Thema Überstandshöhe: Stehe ich über den M-Rahmen und mit beiden Schuhsohlen platt auf dem Boden, ist der Überstand +/- null. es spannt im Schritt, geht so aber. Größe S hätte 14mm weniger.

Im Anhang findet Ihr ein Foto von mir auf dem 2021er Größe M. Spontane Bewertungen meiner Sitzposition werden gerne gelesen. =) Und ja, der Sattel könnte noch 1,5cm weiter höher.

Eigentlich hatte ich mich schon für M entschieden - nach einer nochmaligen Probefahrt gestern stehe ich nun aber doch wieder bei Null?

Oder ist doch alles so einfach und ich schnalle es nur nicht? 

Beste Grüße
Phillip


----------



## Deleted 23985 (21. November 2020)

M auf dem Bild passt. Alles was nicht passt bekommst über Abstimmung Lenker/Vorbau Sattelstütze hin.


----------



## MTB-News.de




----------



## Deleted 23985 (21. November 2020)

Obea HP:


155-17061.1"-66.9"S165-18065.0"-70.9"M

S sind ca. -15 zu 0 zu den Grenzen
M sind ca. -5 zu +10 zu den Grenzen


----------



## Biff (21. November 2020)

"M" passt.


----------



## PORTEX77 (21. November 2020)

Wenn ihr meint...

Das ist doch selbst in M ziemlich kurz🧐
420 reach

Wenn man unter dem Oberkörper lenken will, dann isses natürlich top😃


----------



## Phillip (21. November 2020)

PORTEX77 schrieb:


> Wenn ihr meint...
> 
> Das ist doch selbst in M ziemlich kurz🧐
> 420 reach
> ...



Dann sag mir doch bitte, was „normal lang“ ist. Ok, das neue Ghost Lector adv hat schon in S 441mm, in M dann nochmal nen halben Meter mehr - aber das war für mich gefühlt unfahrbar ohne Kissen auf dem Vorbau. Wo ich dann meinen Kopf ablegen kann. =)

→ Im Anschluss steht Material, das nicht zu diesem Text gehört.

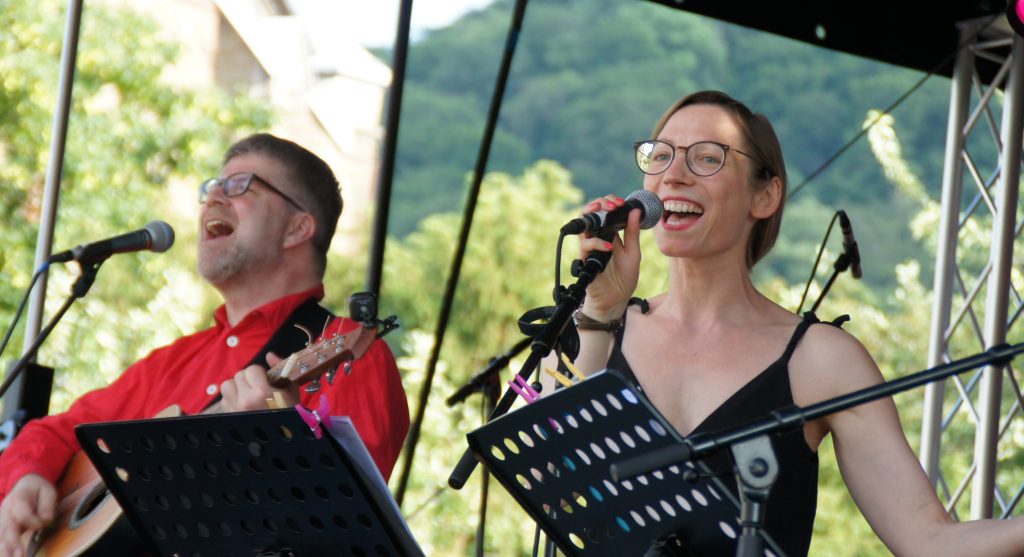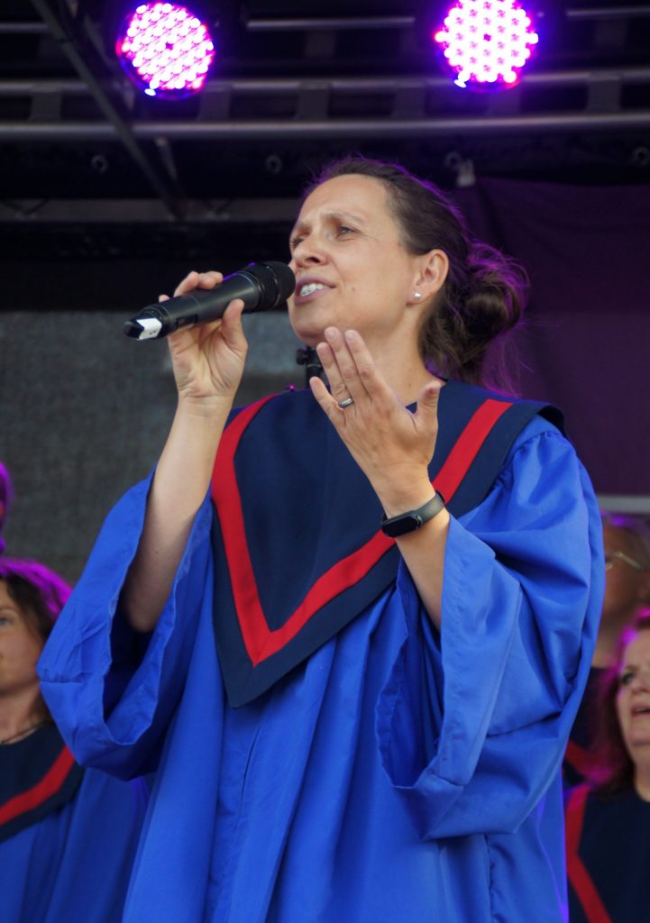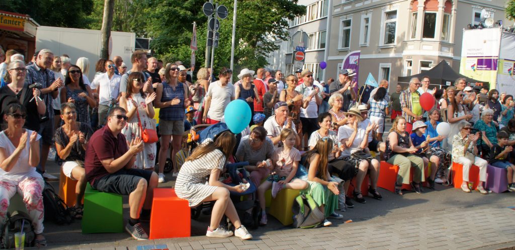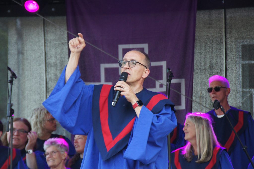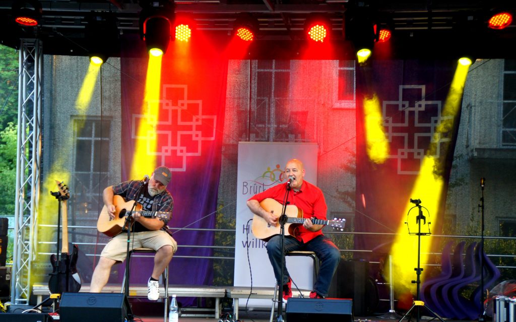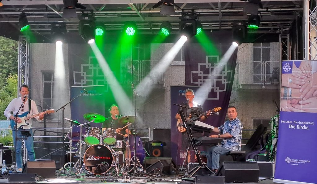 Ein Glanzpunkt: die Band „Blind Foundation“ mit sehbehinderten Menschen, die es mit ihren Gigs mit Pop und Rock ordentlich krachen ließ. Gefühlvolle Balladen servierte Singer-Songwriter Thilo Distelkamp aus Neuwied. In doppeltem Sinn in Bewegung brachten die „Blue Land Gospel Voices“ mit Mitgliedern aus der ganzen Region das Publikum. Chorleier Hans-Jörg Fiehl war ein echter Begeisterer und Brückenbauer, der die Menge vor der Bühne sogar zum mehrstimmigen Mitsingen motivierte.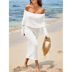 Womens Off Shoulder Maxi Dress White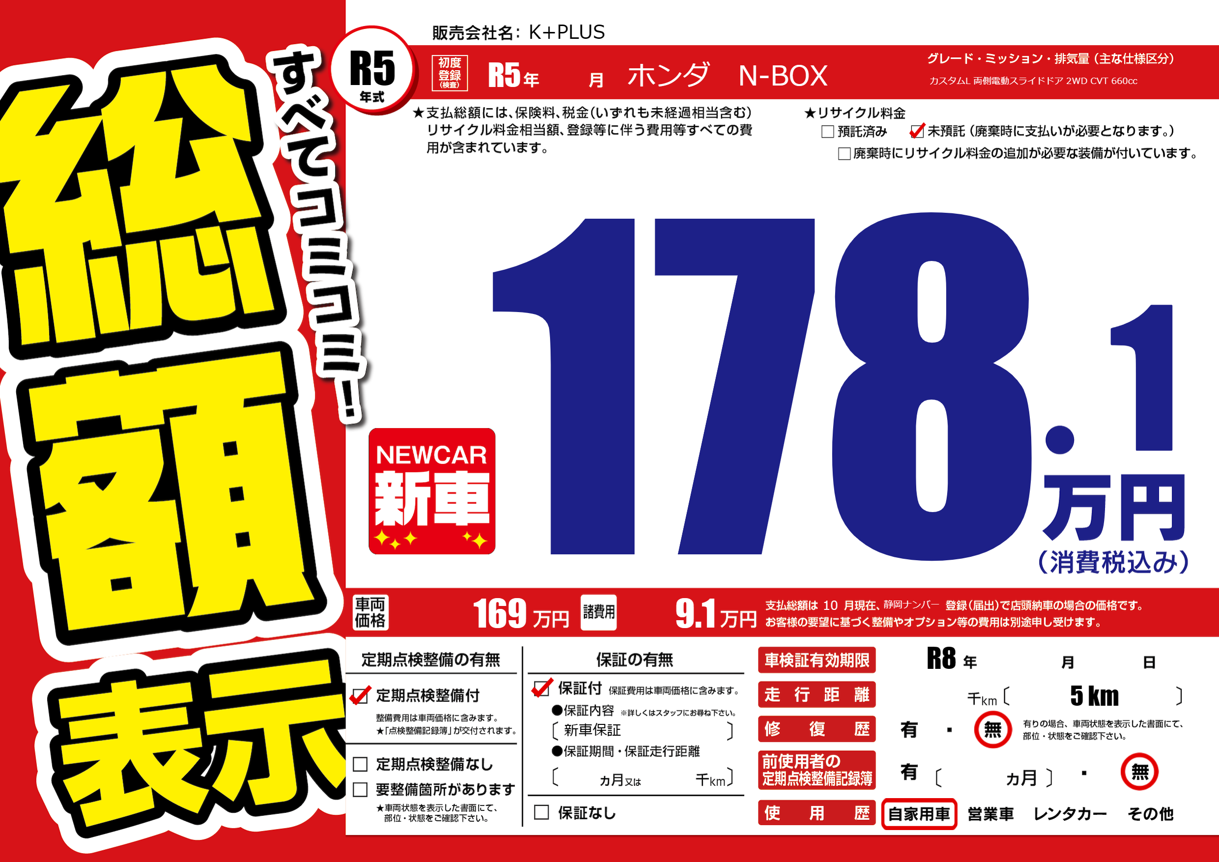 なし | 車検制限 | R8年---月---月 |

mein letzter Fahrradkauf ist schon eine Weile her und die damaligen Geometriegesetze scheinen ja nicht mehr zu gelten.


----------



## PORTEX77 (21. November 2020)

S ist definitv zu kurz.So war es gemeint.
Wenn, dann M.
Und wie @superpink  schrubte, Rest über Sattel/Vorbau einstellen.


----------



## Teppichmesser (21. November 2020)

@Phillip
Du hast die gleiche Frage/Fragen ab 14.11 im _Thread "Orbea Alma hier" , gestellt, _und Antworten darauf bekommen, dort wurde dir zu M geraten, du  wolltest auch schon bestellen.
Nun hier einen eigenen Neuen Thread!
Was erwartest du dir nun anderes hier?
Was wäre, wenn dir hier nun 1 zu Gr. S raten würde???

Auch meine Empfehlung Gr. M wenn es ein Alma werde soll.

Dir muss aber bewusst sein, dass das Alma eben ein Race Bike ist!I
Ist es von der Geometrie her ein Race Bike das du suchst?
Oder ist es nur die Optik die dir am Alma hier gefällt?
Beispiel:
Ein Lotus Elise schaut klasse aus - aber er eignet sich halt nicht für den großen Einkauf oder um nen Kühlschrank zu transportieren.

Manchmal ist es besser das zu kaufen was zu einem passt - als das zu kaufen was man gerne möchte

So wie du gerne sitzen magst, ist ein Race Hardtail wohl nicht das ideale - würde ich meinen.
Bei einem Race Hardtail ist es normal dass man mit (zum Teil deutlicher) Überhöhung fährt, damit genug Druck aufs VR kommt.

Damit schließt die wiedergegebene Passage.